## Records for processing
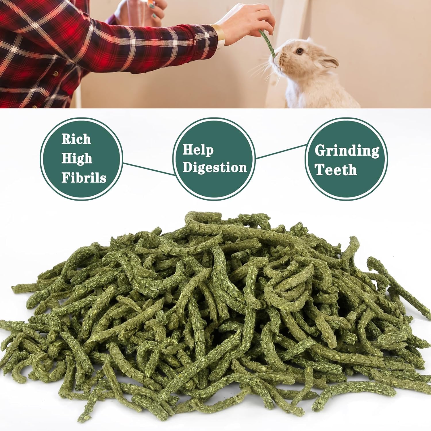 - 【Treats for Training】- Compared to common timothy pellets, it is thin but long, easy to control the amount of each feeding and avoid pet waste. New great treats can be used train your pet.
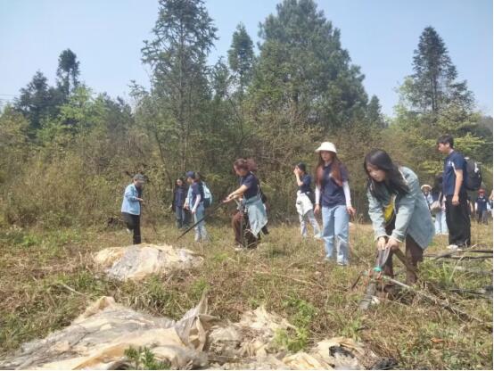 活动开始,乌当区羊昌镇甲岗村社区服务中心负责人周代兰向同学们讲述了甲岗村的基本情况,他介绍,在村委会的带领下,甲岗村曾先后大规模种植了猕猴桃、羊肚菌等经济作物,但由于农忙无暇顾及,导致许多在自然条件下难以降解的塑料垃圾残存田地。同学们得知甲岗村的基本情况后,便进行分组分工,按照工作任务清除羊肚菌种植地的废弃水管、塑料薄膜以及遮荫网等,经过一个多小时的清理,终于把需要处理的塑料垃圾清理完毕,结束了这场遍布塑料污染的战斗。看着眼前的劳动成果,同学们虽然深感疲,但内心确却很充盈。
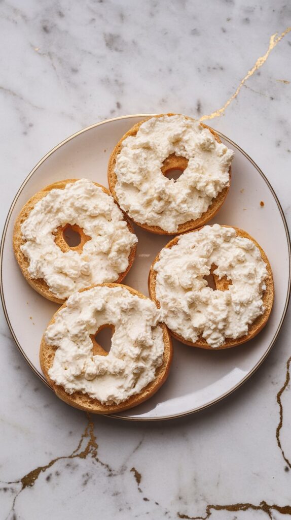 Spread 1/2 cup full-fat cottage cheese evenly over both toasted bagel halves.
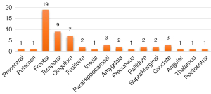 Selected features of resting-state functional magnetic resonance images are given in the Table 5. To assess which brain regions exhibit significant functional differences between the two groups, the features in Table 5 are classified according to their respective regions. This analysis is illustrated in Figure 3.
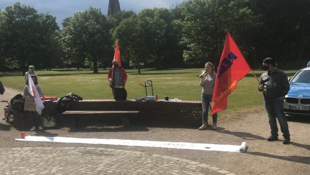 Wir vom REBELL Gelsenkirchen organisierten am Samstag den 06.06. eine Kundgebung „Rebellion gegen Rassismus“ in GE-Buer. Anfänglich schikanierte die Polizei die Kundgebung, zum Beispiel mit der unverschämten Auflage das nur 15(!) Personen erlaubt seien (bei einem sehr großen Platz) und das man den ganzen Platz absperren müsse. Gegen diese Schikanen, gegen eine Kundgebung die sich auch gegen Polizeigewalt richtet, protestierten wir später am Mikrofon. Nach einigen Diskussionen konnten wir aber mehr Teilnehmer durchsetzen und einen Kompromiss zur Abgrenzung finden. Infektionsschutzmaßnahmen sind unbedingt weiterhin richtig, es waren auch Stehplätze auf dem Boden markiert und alle trugen Masken, das lief bei einigen größeren Demos heute nicht so gut. Die Kundgebung startete mit festen 35-40 Teilnehmern und etlichen die aus den Cafés, der Bahnhaltestelle und von Bänken zuhörten. Insgesamt 150 Leute blieben auch (manche kürzer, manche länger) stehen und hörten zu. Wir verteilten insgesamt über 300 REBELL-Flugblätter, viele unser örtlichen REBELL-Programme und luden zur Aufstellung der Lenin-Statue ein. Die meisten Leute waren sehr aufgeschlossen und interessiert, fast keiner hatte nichts von dem ganzen Thema mitbekommen, gerade von den Jugendlichen. Wir haben Kontakt zu einigen neuen Jugendlichen geknüpft, die von der Kundgebung aus Social-Media und der Zeitung erfahren haben. Die WAZ hatte nämlich unsere PM zu der Kundgebung heute noch abgedruckt, das mobilisierte auch noch mehrere ältere Menschen teilzunehmen. Es nahmen auch Kontakte und Freunde die wir bei der Nachbarschaftshilfe kennengelernt haben teil.
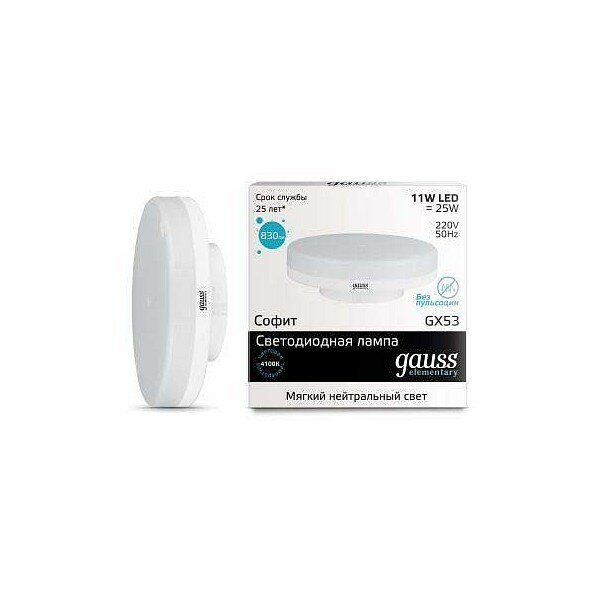 (2 шт)Лампа Gauss Elementary GX53 11W 830lm 4100K LED 1/10/100
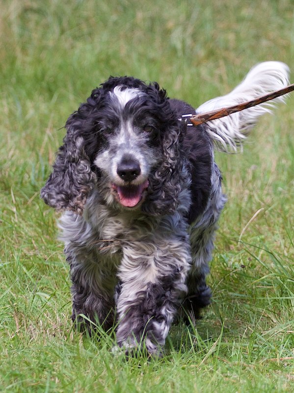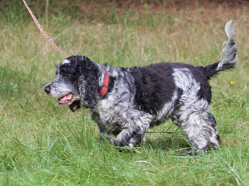 Cocker Rocky hatte es mit seinem hübschen Aussehen und seiner interessanten Felllzeichnung leicht, ein neues Zuhause zu finden. Außerdem ist er ein sehr freundlicher Hund.
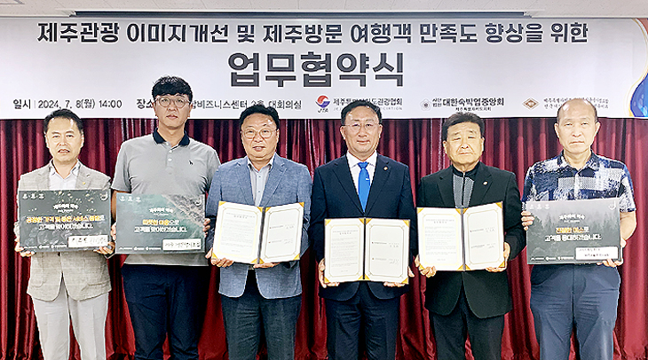 제주특별자치도관광협회(회장 강동훈)는 (사)대한숙박업중앙회 제주도지회(지회장 김창해), 제주특별자치도개인택시운송사업조합(이사장 강승우)과 8일 제주종합비즈니스센터에서 '제주관광 이미지 개선 및 여행객 만족도 향상을 위한 다자간 업무협약'을 체결했다.
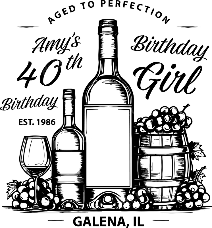 See allCelebrate a milestone birthday in style with this elegant "Aged to Perfection" DTF transfer. This sophisticated design features classic wine bottles, a delicate wine glass, and luscious grapes cascading from a rustic barrel, all framed by charming script and vintage-inspired typography. The central text proudly declares "Amy's 40th Birthday Girl EST. 1986 Galena, IL," making it a truly unique and ready to press design for a special occasion. This versatile graphic can be easily customized in spirit for any fabulous 40-year-old celebrating their special day. This premium DTF transfer is perfect for anyone celebrating a 40th birthday, especially wine enthusiasts or those who appreciate a touch of classic elegance. It makes an ideal gift for a best friend, sister, or mother, creating custom apparel for birthday parties, girls' weekend trips, or wine-tasting events. Imagine this beautiful heat press ready design on a personalized t-shirt, a custom tote bag for party favors, or a memorable sweatshirt to commemorate the big 4-0. Application is simple with our high-quality heat transfer. This iron on transfer works flawlessly on a wide variety of fabrics, including cotton, polyester, and blends. Just apply with a heat press at 300-325°F for 15 seconds with medium pressure, then peel the film after it cools completely. No messy weeding or intricate layering required, saving you time and effort to focus on the celebration. Experience exceptional quality with our professional direct to film transfer. Each design boasts vibrant colors, superior crack resistance, and a soft, smooth feel once applied. Our transfers utilize strong adhesive that ensures your design lasts wash after wash, maintaining its pristine look. Elevate your apparel projects and create stunning, personalized items with this durable and easy-to-use t-shirt transfer.
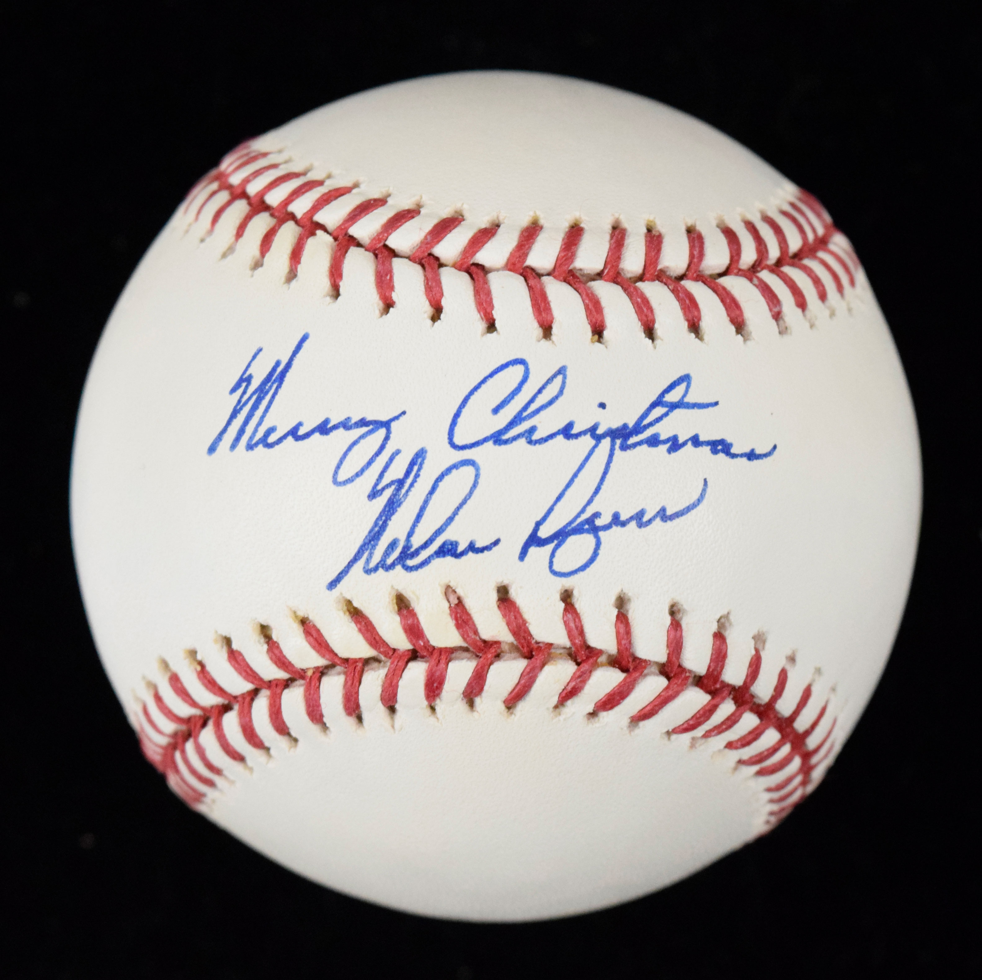 Description:Nolan Ryan signed "Merry Christmas" baseball - Ryan authenticated (EX/MT). B.Selig ML ball signed by Ryan in blue ink with "Merry Christmas" inscription. Signature rates 9 out of 10. Nolan Ryan hologram sticker is on the ball. Area of toning away frm the autograph: EX/MT MERRY CHRISTMAS
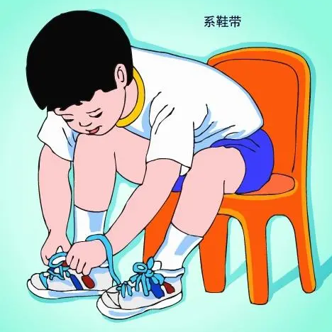 穿、脱:教会孩子独立穿脱衣物、鞋子,学会正确扣扣子、拉拉链、系鞋带等。
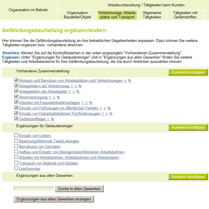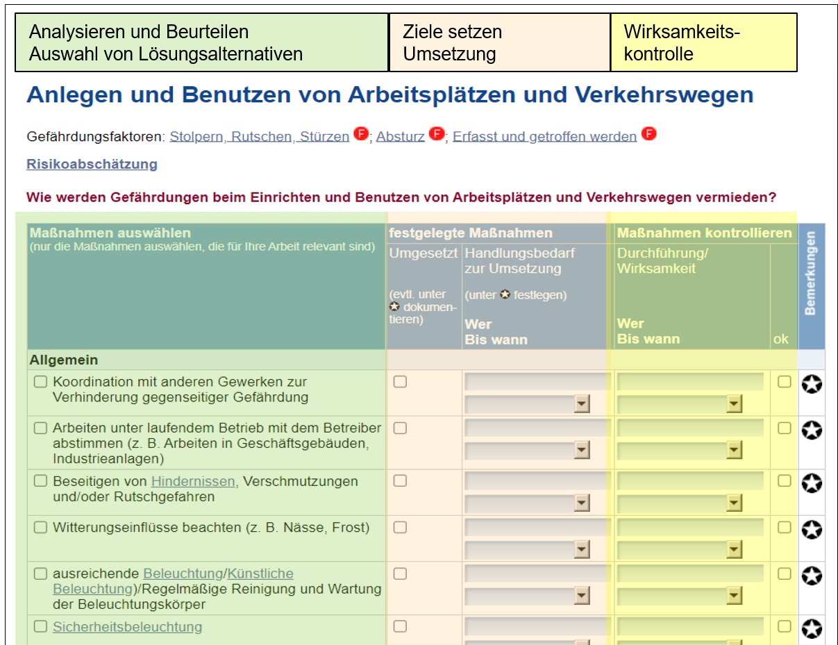 Soll beim ersten Durchgang der Handlungsanleitung nur über die Frage entschieden werden, ob für ein Thema eine generelle Regelung erforderlich ist, wird durch einfaches Anklicken, unter „Basisprozesse und -maßnahmen“ dieses Thema in die Liste „Handlungsbedarf nach Gefährdungsbeurteilung“ übernommen. Die derart reduzierte Anzahl relevanter Themen kann dann sukzessive abgearbeitet werden.
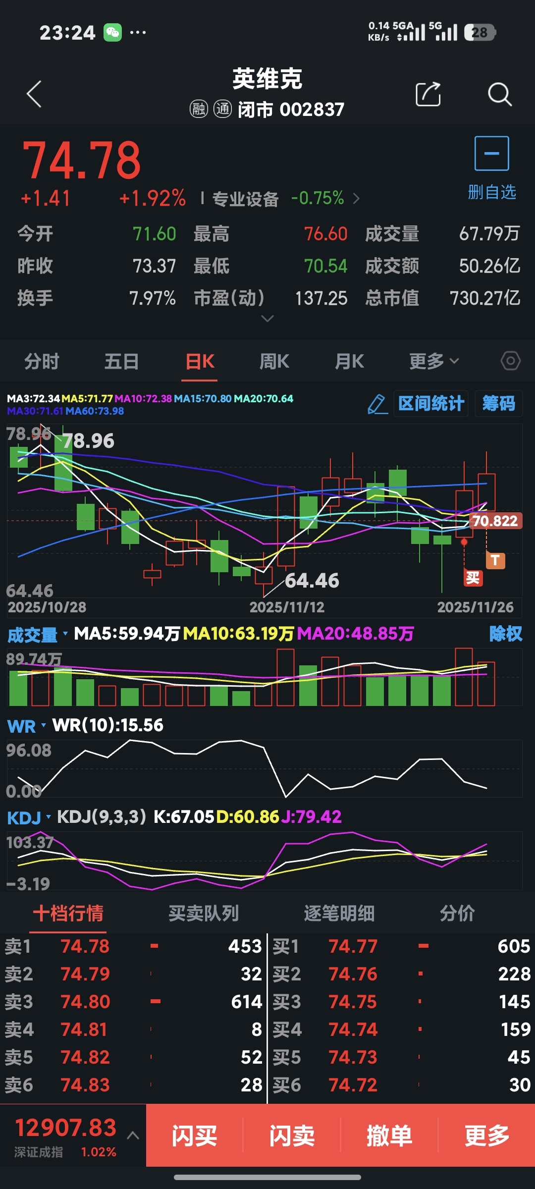 $科拓生物(SZ300858)$ 我昨天清的,买了英维克,赚了5个多点(低买高卖
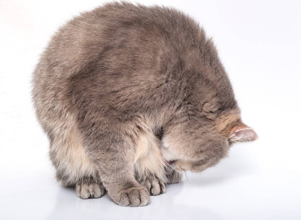 При дерматофитиях кошка интенсивно чешется, появляются очаги алопеций, шелушения, вокруг места поражения формируется плотная, красноватая кайма (стригущий лишай).
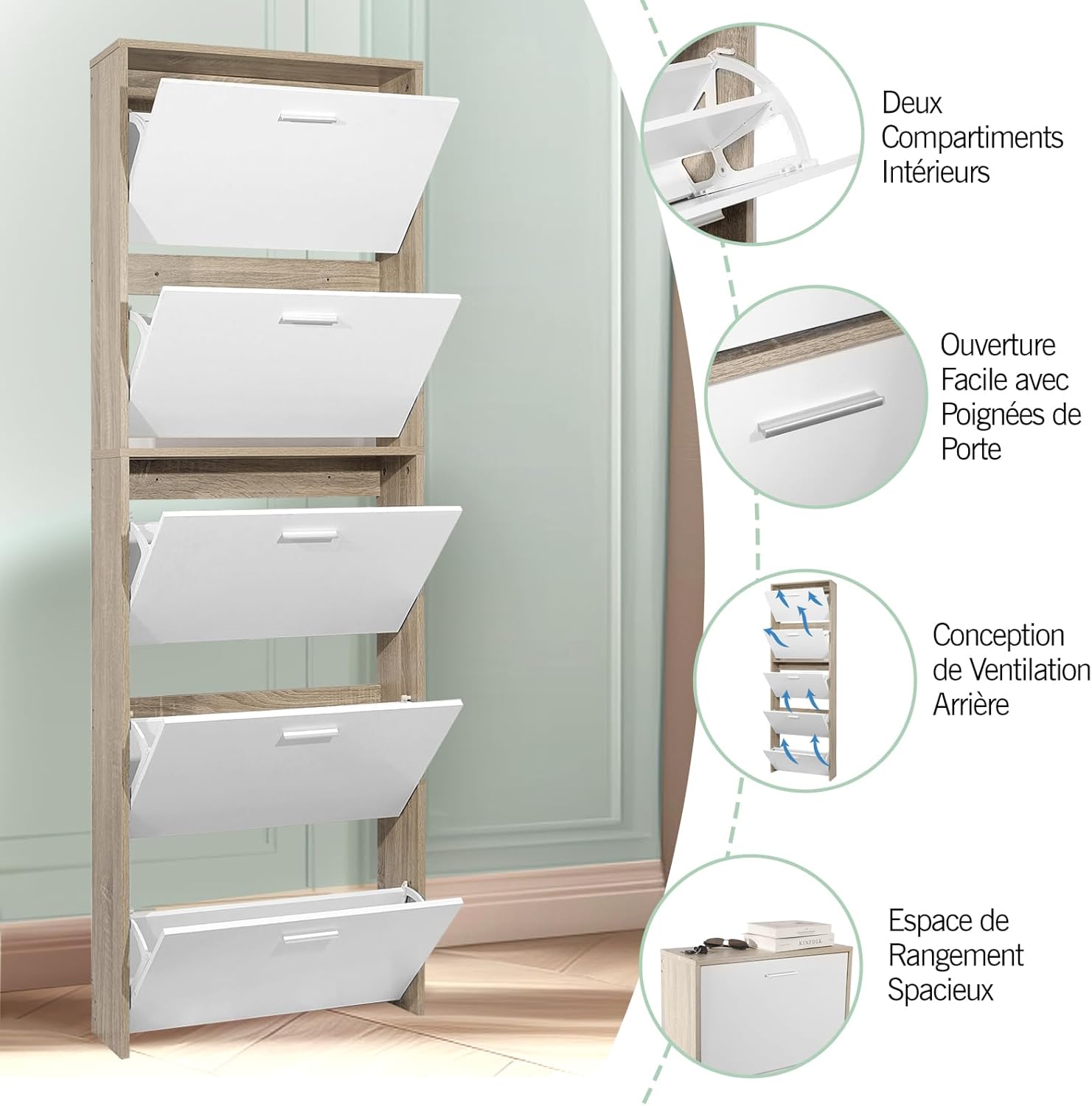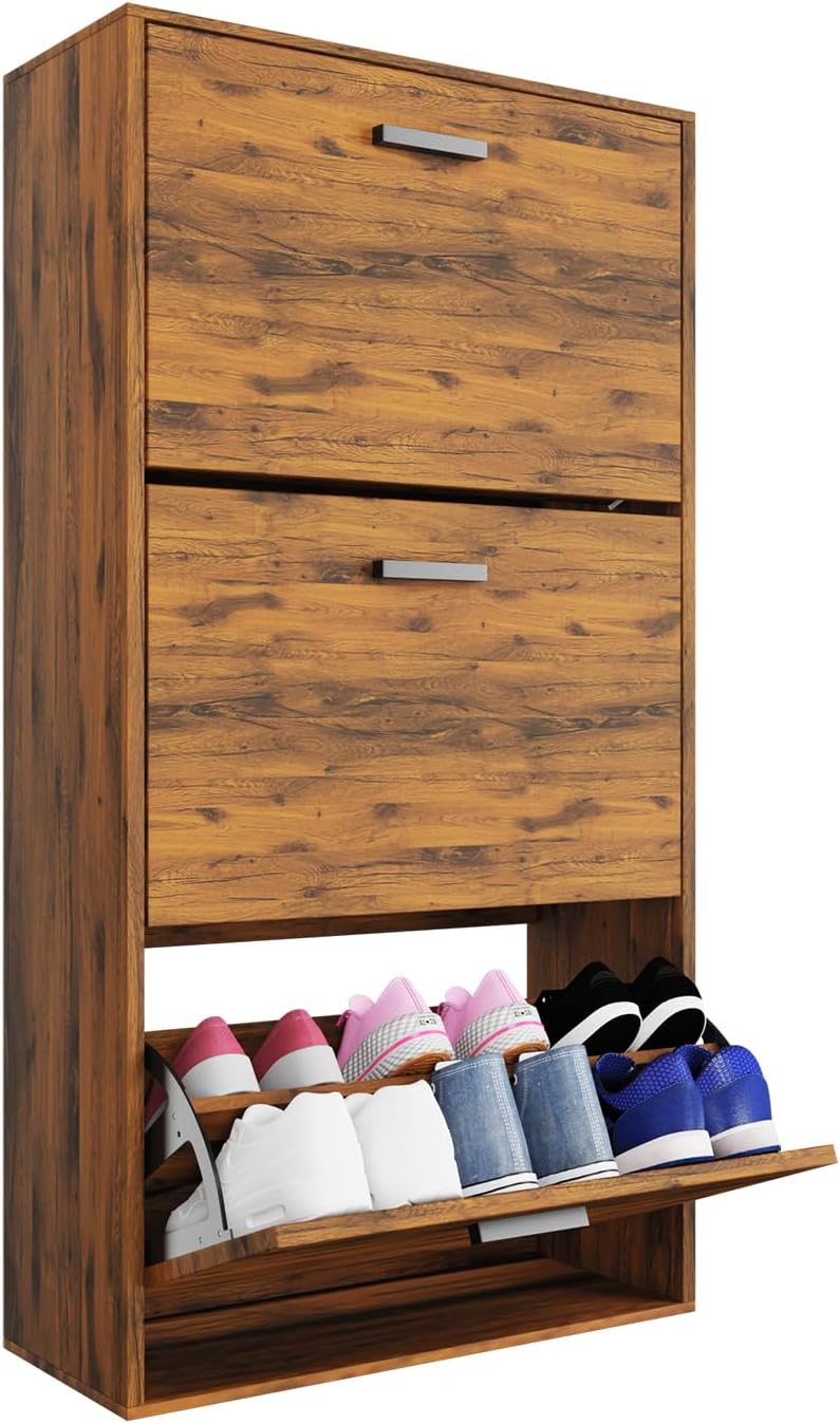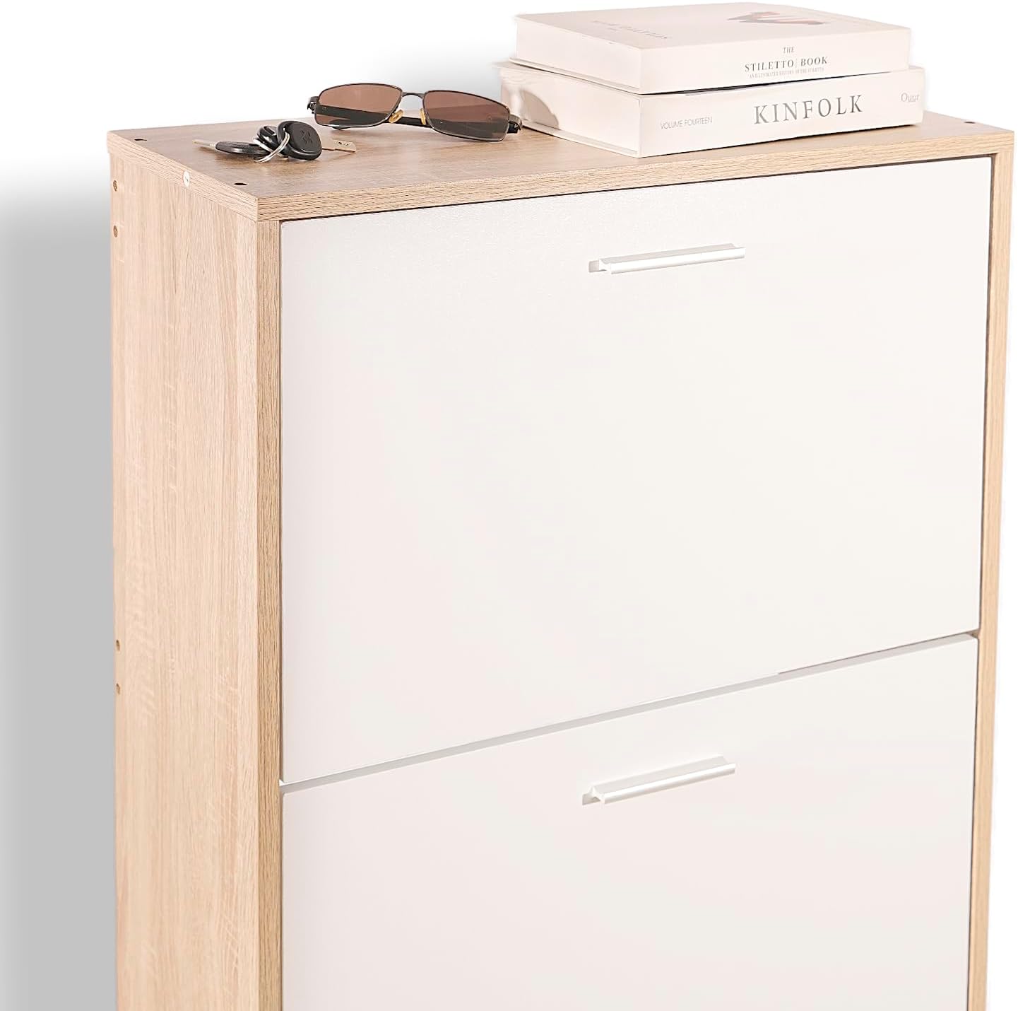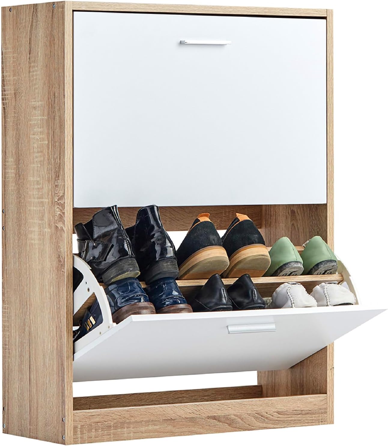 Vicco Scarpiera per 15 Paia Armadio Scaffale Grande Capacità per Ingresso L60xP17xH180 cm Bianco Legno Chiaro

## Task directions
Nothing but the lines from the first line of the data above through the line holding "Spread 1/2 cup" may appear in the response, copied exactly and without pictures.

## Solution to the problem
 - 【Treats for Training】- Compared to common timothy pellets, it is thin but long, easy to control the amount of each feeding and avoid pet waste. New great treats can be used train your pet.
 活动开始,乌当区羊昌镇甲岗村社区服务中心负责人周代兰向同学们讲述了甲岗村的基本情况,他介绍,在村委会的带领下,甲岗村曾先后大规模种植了猕猴桃、羊肚菌等经济作物,但由于农忙无暇顾及,导致许多在自然条件下难以降解的塑料垃圾残存田地。同学们得知甲岗村的基本情况后,便进行分组分工,按照工作任务清除羊肚菌种植地的废弃水管、塑料薄膜以及遮荫网等,经过一个多小时的清理,终于把需要处理的塑料垃圾清理完毕,结束了这场遍布塑料污染的战斗。看着眼前的劳动成果,同学们虽然深感疲,但内心确却很充盈。
 Spread 1/2 cup full-fat cottage cheese evenly over both toasted bagel halves.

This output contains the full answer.